Once you have found the line with "Art. 25.443.0 | ECAP50 BISLEY CAP Page 45" in the records below, retype it and every line after it to the end exactly, with no pictures and nothing more.

(Source data)
■ ■ ■
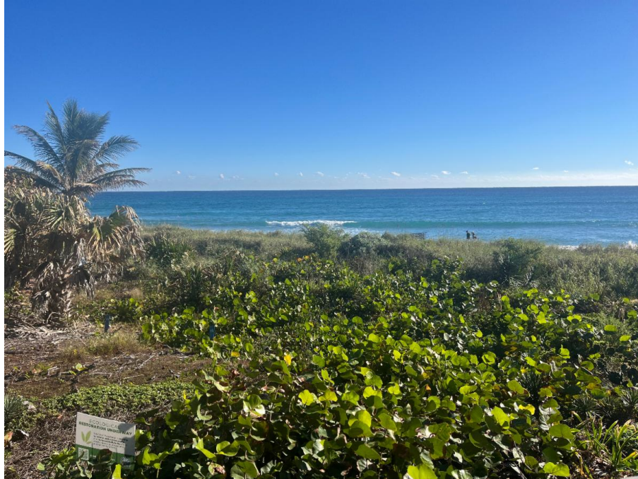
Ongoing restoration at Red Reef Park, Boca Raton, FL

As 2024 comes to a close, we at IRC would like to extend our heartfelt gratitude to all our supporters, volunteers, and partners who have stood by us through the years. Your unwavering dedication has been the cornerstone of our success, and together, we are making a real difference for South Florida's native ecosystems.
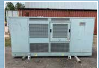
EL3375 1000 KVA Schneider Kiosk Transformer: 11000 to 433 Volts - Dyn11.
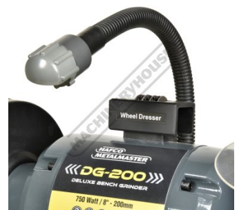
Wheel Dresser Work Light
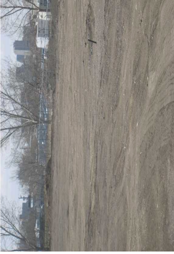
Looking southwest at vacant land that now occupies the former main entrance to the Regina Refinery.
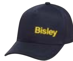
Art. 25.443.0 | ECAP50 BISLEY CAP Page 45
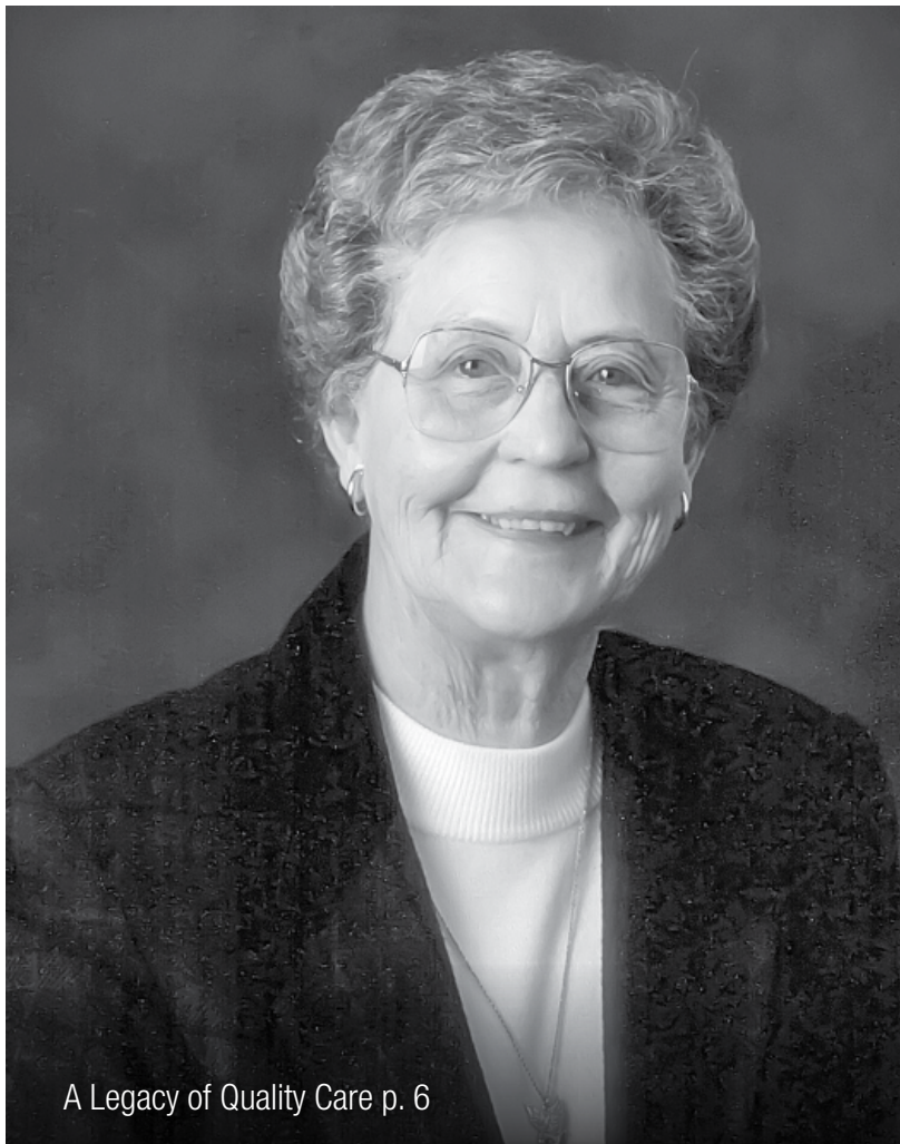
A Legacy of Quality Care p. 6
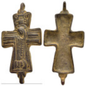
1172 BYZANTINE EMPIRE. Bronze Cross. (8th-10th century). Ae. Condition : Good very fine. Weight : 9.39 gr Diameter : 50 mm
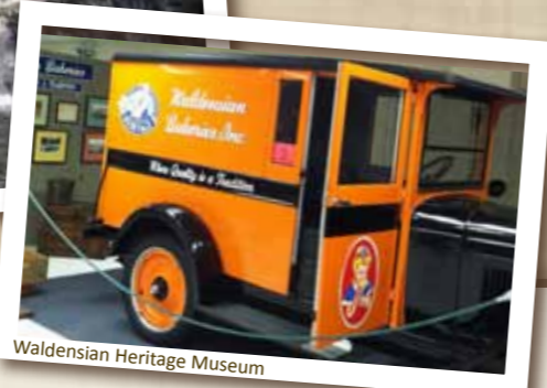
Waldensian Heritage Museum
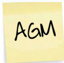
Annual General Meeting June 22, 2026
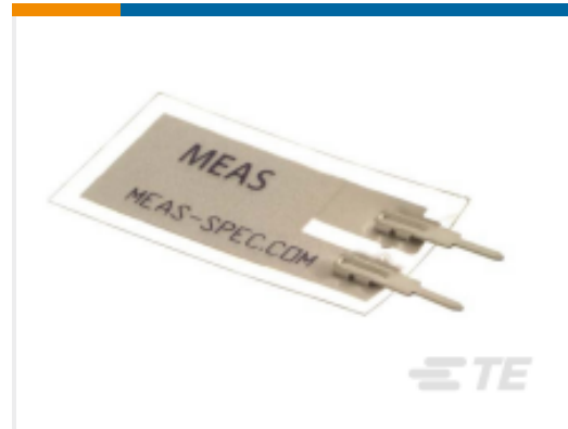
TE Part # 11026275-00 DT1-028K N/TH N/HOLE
■ ■ ■
→ **SOLUTION TO THE EXERCISE**
Art. 25.443.0 | ECAP50 BISLEY CAP Page 45
A Legacy of Quality Care p. 6
1172 BYZANTINE EMPIRE. Bronze Cross. (8th-10th century). Ae. Condition : Good very fine. Weight : 9.39 gr Diameter : 50 mm
Waldensian Heritage Museum
Annual General Meeting June 22, 2026
TE Part # 11026275-00 DT1-028K N/TH N/HOLE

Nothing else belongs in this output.